Chapter 2. Where are we now?

It is estimated that around 320 million tonnes of plastics are produced all over the world every year3. A majority of plastic waste is disposed of in the landfill or littered in our environment, including an estimated amount of 100 million tonnes of plastics entering the ocean every year.

In Hong Kong, plastic wastes disposed of at landfills increased by 36% from 2009 to 2019 whilst the population grew by only 7.7% over the same period. According to “Monitoring of Solid Waste in Hong Kong Waste Statistics for 2019”, 11,057 tonnes per day (tpd) of overall municipal solid waste (MSW) were disposed of at landfills in 2019, in which about 21%, i.e. around 2,300 tpd, were plastics, which is equivalent to the weight of around 155 double-decker buses.

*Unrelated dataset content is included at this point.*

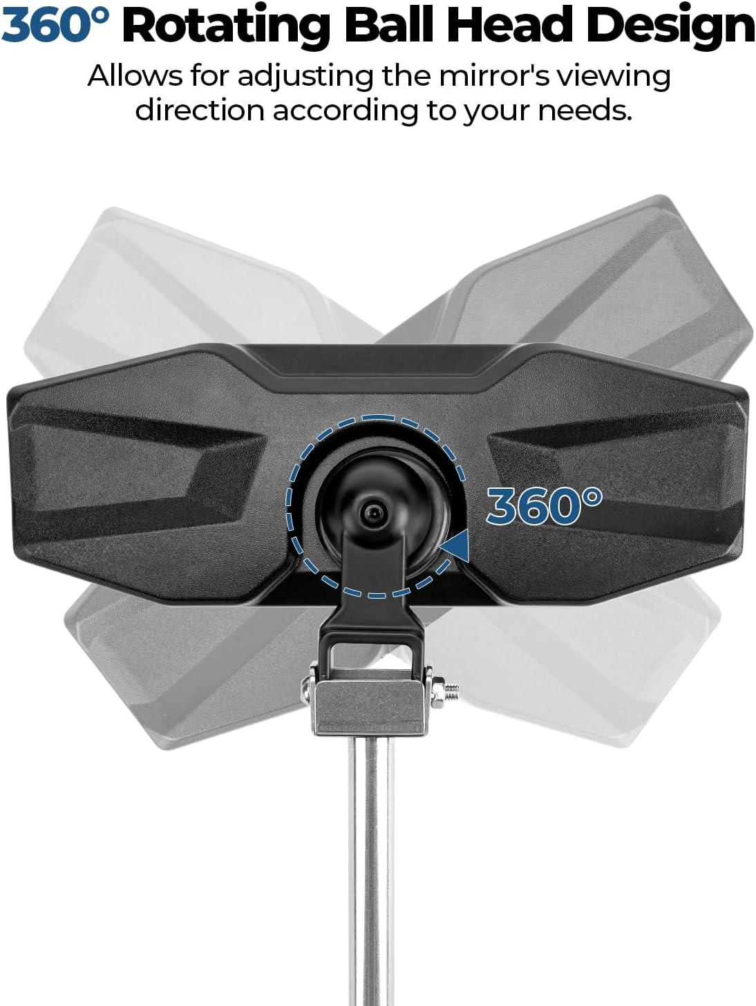 360° Adjustable At Will: This enlarged boat rearview mirror has a unique 360° rotatable ball head structure and gear design, allowing you to adjust the viewing direction of the mirror surface and the tilt angle of the bracket according to your needs.

Among all plastic wastes, plastic bags (including plastic shopping bags and other bags) constitute 33%, plastic diningwares (including Polyfoam-dining wares) 9%, and plastic beverage containers 5%.

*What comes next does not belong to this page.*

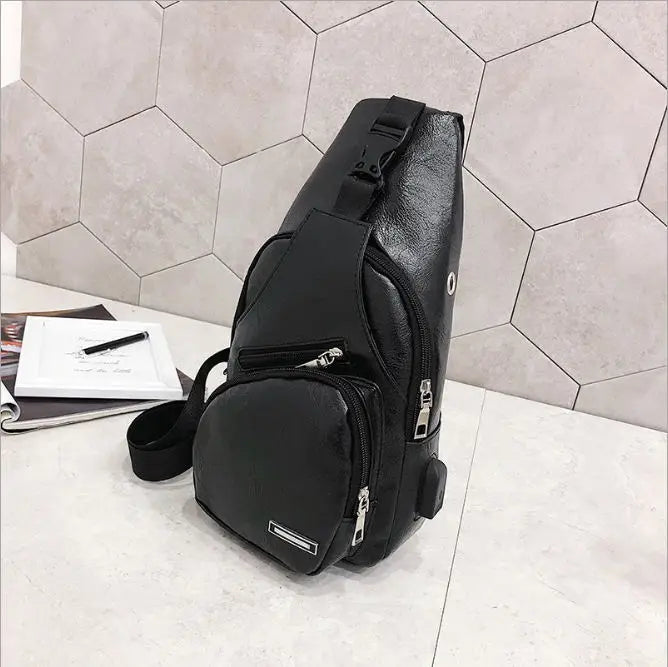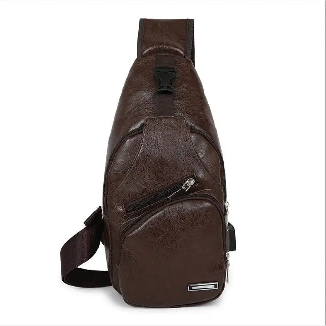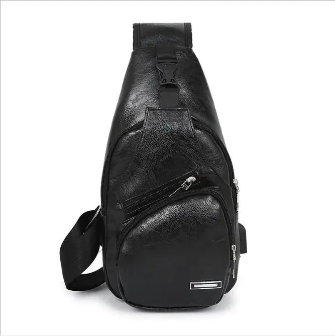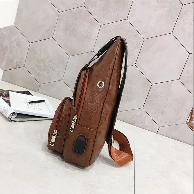 Men's Leather Chest Bag USB Charging Waterproof Crossbody Bag

There are currently three strategic landfills in Hong Kong, namely, West New Territories (WENT) Landfill, South East New Territories (SENT) [Footnote: Since 6 January 2016, the SENT Landfill can only receive and dispose of construction waste] Landfill and North East New Territories (NENT) Landfill. These three landfills cover a total of over 300 hectares of land, which is equivalent to the size of 15 Victoria Parks; however, existing capacities of our landfills would be exhausted progressively. Bearing in mind that land resources are scarce and extremely valuable in Hong Kong, and that a series of follow-up procedures on the monitoring and maintenance is required as complementary measures, landfilling involves a high social cost. For example, it involves an annual operating cost of $570 million for handling MSW, including waste plastics, disposed of at landfills, not including the land costs of sites currently designated for landfilling. We need to reduce our reliance on single-use plastics with a view to building a better environment and developing a sustainable lifestyle for our next generation.

* Since 6 January 2016, the SENT Landfill can only receive and dispose of construction waste


3 Factsheet “Plastic Waste Partnership” (2019). Retrieved from Basel Convention, Web site: http://www.basel.int/Implementation/Plasticwaste/Guidance/tabid/8333/Default.aspx. Accessed on 3 November 2020.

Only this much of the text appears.